## DATASET ENTRIES
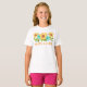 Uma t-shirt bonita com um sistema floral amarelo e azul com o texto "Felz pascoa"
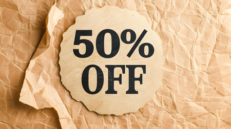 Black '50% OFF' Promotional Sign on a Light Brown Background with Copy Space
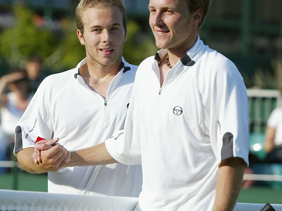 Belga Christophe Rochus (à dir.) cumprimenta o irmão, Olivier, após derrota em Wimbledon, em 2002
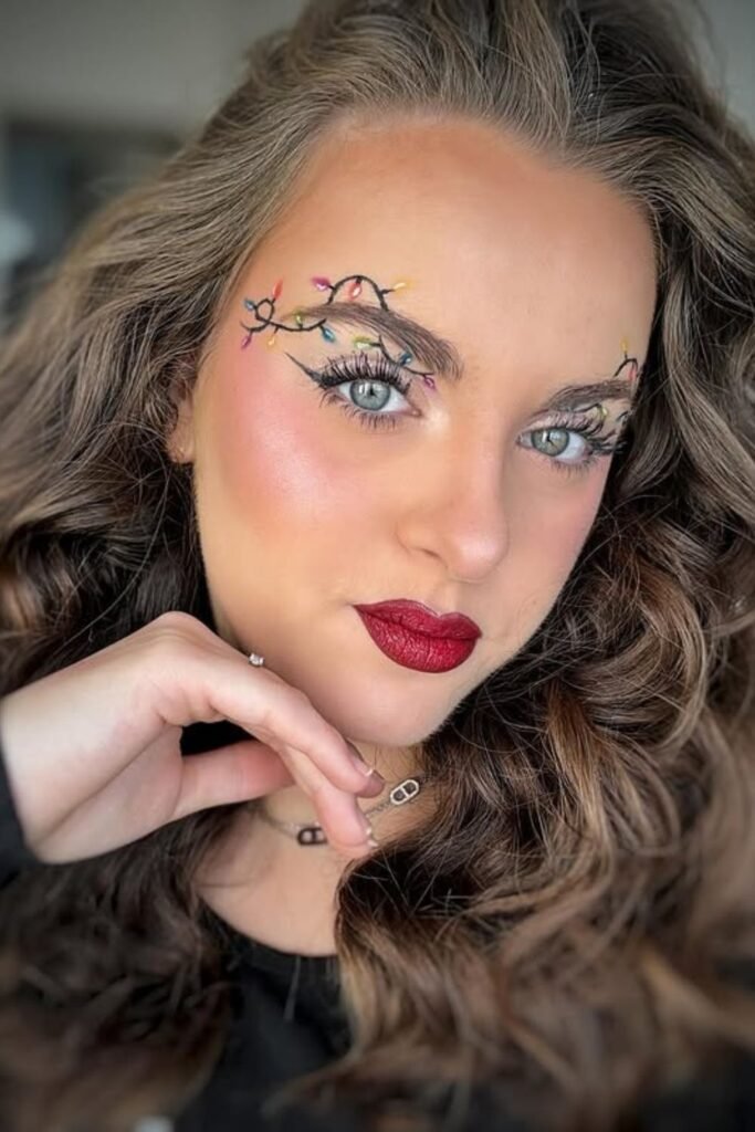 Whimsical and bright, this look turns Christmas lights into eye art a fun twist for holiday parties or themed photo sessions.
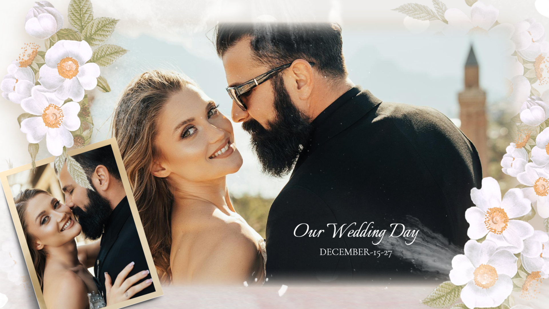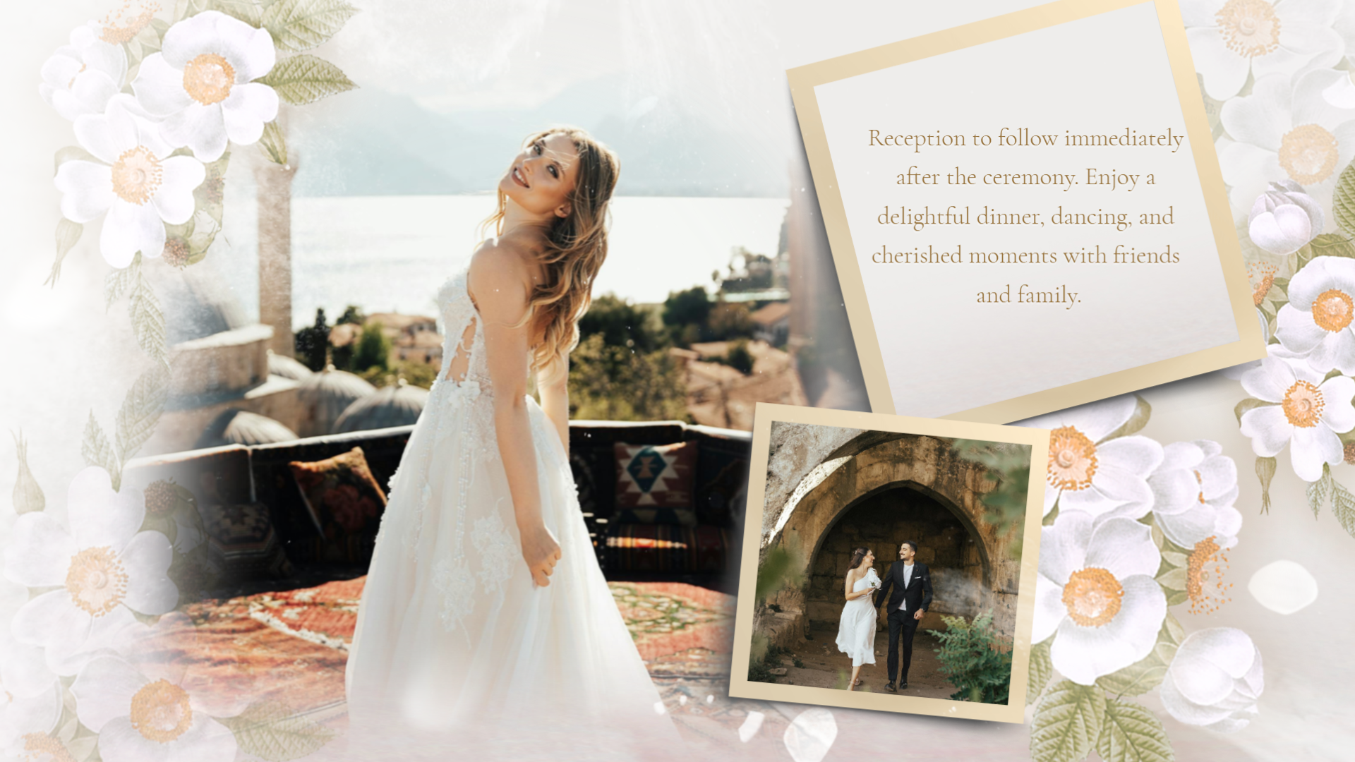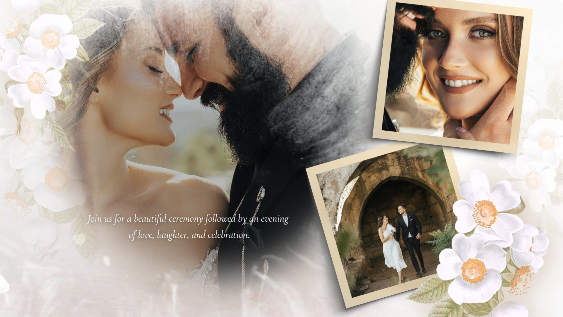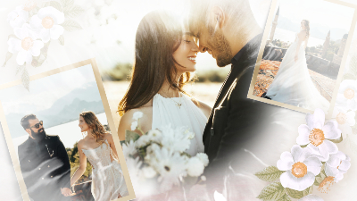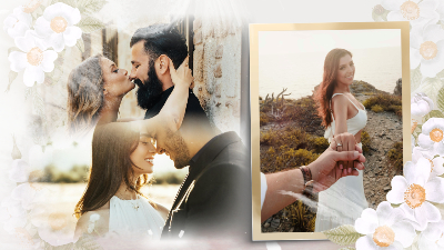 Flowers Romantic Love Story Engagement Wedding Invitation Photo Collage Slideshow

--

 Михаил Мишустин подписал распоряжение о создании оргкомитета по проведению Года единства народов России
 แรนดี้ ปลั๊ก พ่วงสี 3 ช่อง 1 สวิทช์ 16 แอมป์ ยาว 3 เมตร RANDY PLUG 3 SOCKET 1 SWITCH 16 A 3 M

---

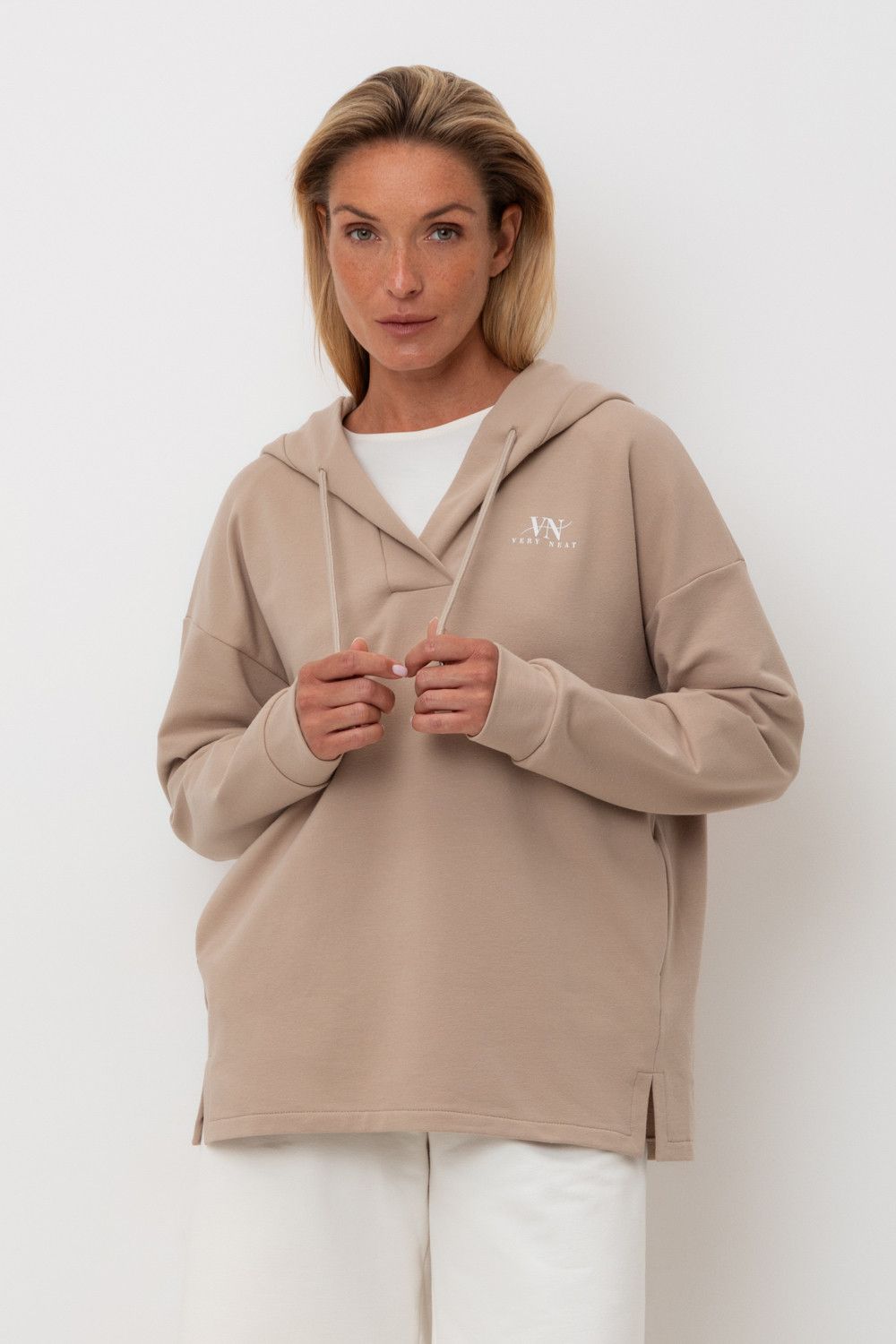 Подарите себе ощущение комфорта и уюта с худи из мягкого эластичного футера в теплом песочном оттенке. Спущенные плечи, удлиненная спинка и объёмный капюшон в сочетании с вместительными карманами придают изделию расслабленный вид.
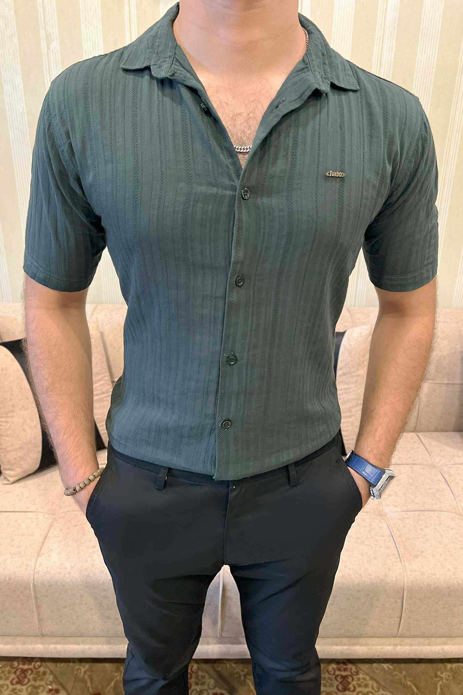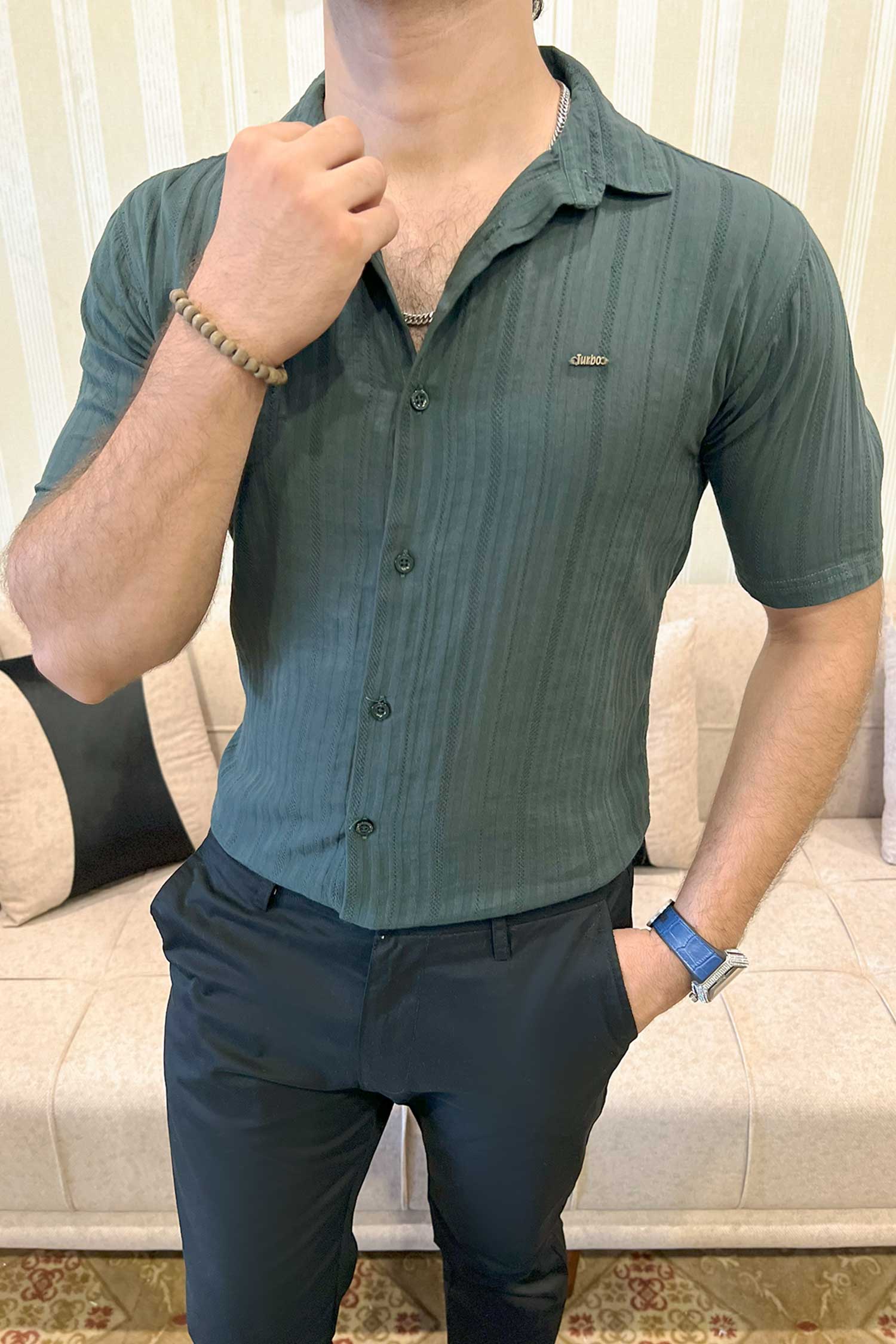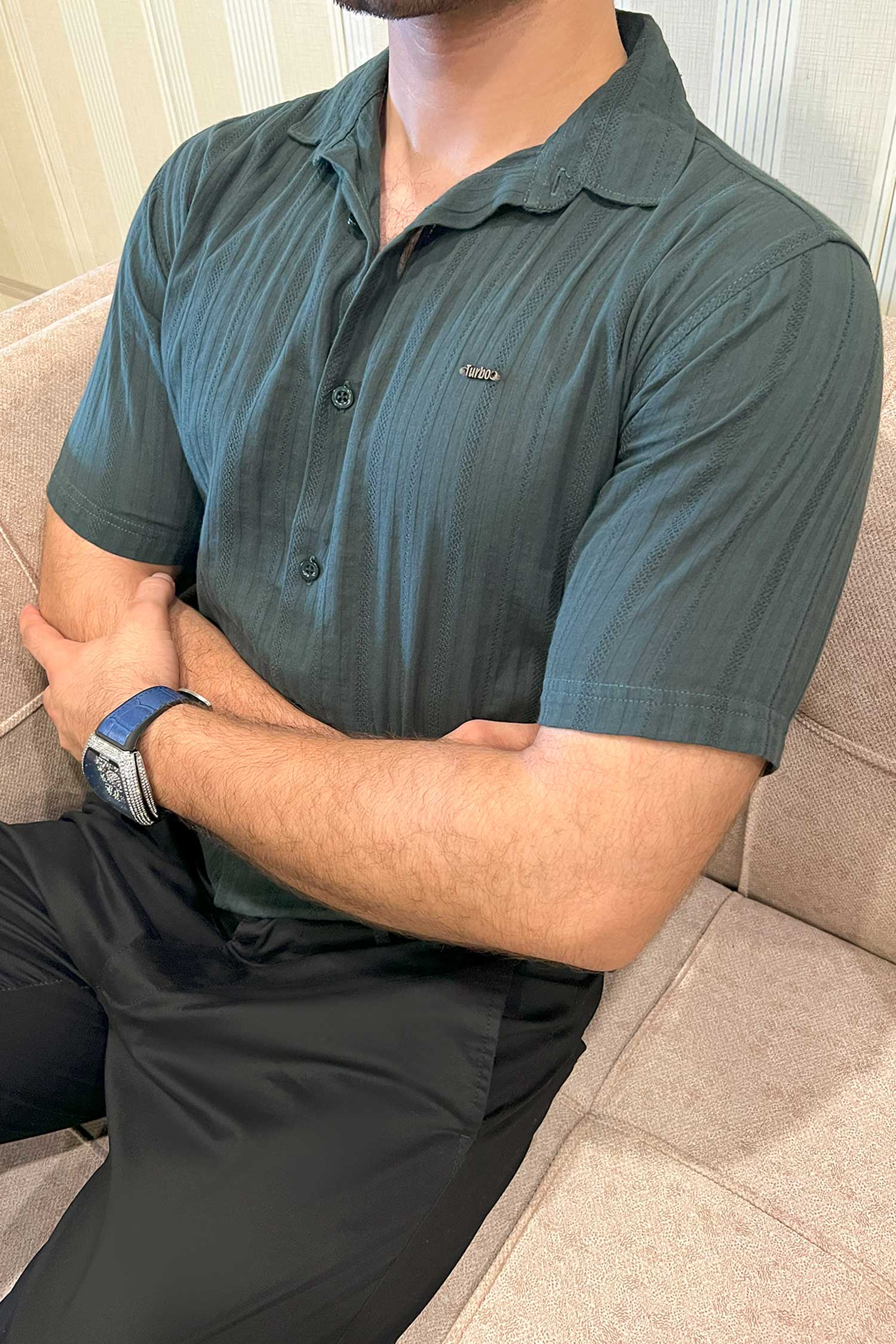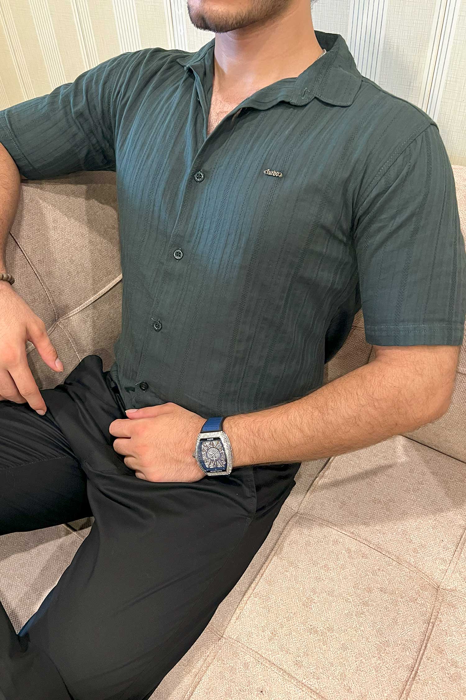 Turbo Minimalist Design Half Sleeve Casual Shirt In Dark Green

## YOUR INSTRUCTIONS
Only one stretch of the material above is wanted: the line containing "Uma t-shirt bonita" through the line containing "Flowers Romantic Love". Restate it word for word, minus the pictures.

## EXERCISE SOLUTION
 Uma t-shirt bonita com um sistema floral amarelo e azul com o texto "Felz pascoa"
 Black '50% OFF' Promotional Sign on a Light Brown Background with Copy Space
 Belga Christophe Rochus (à dir.) cumprimenta o irmão, Olivier, após derrota em Wimbledon, em 2002
 Whimsical and bright, this look turns Christmas lights into eye art a fun twist for holiday parties or themed photo sessions.
 Flowers Romantic Love Story Engagement Wedding Invitation Photo Collage Slideshow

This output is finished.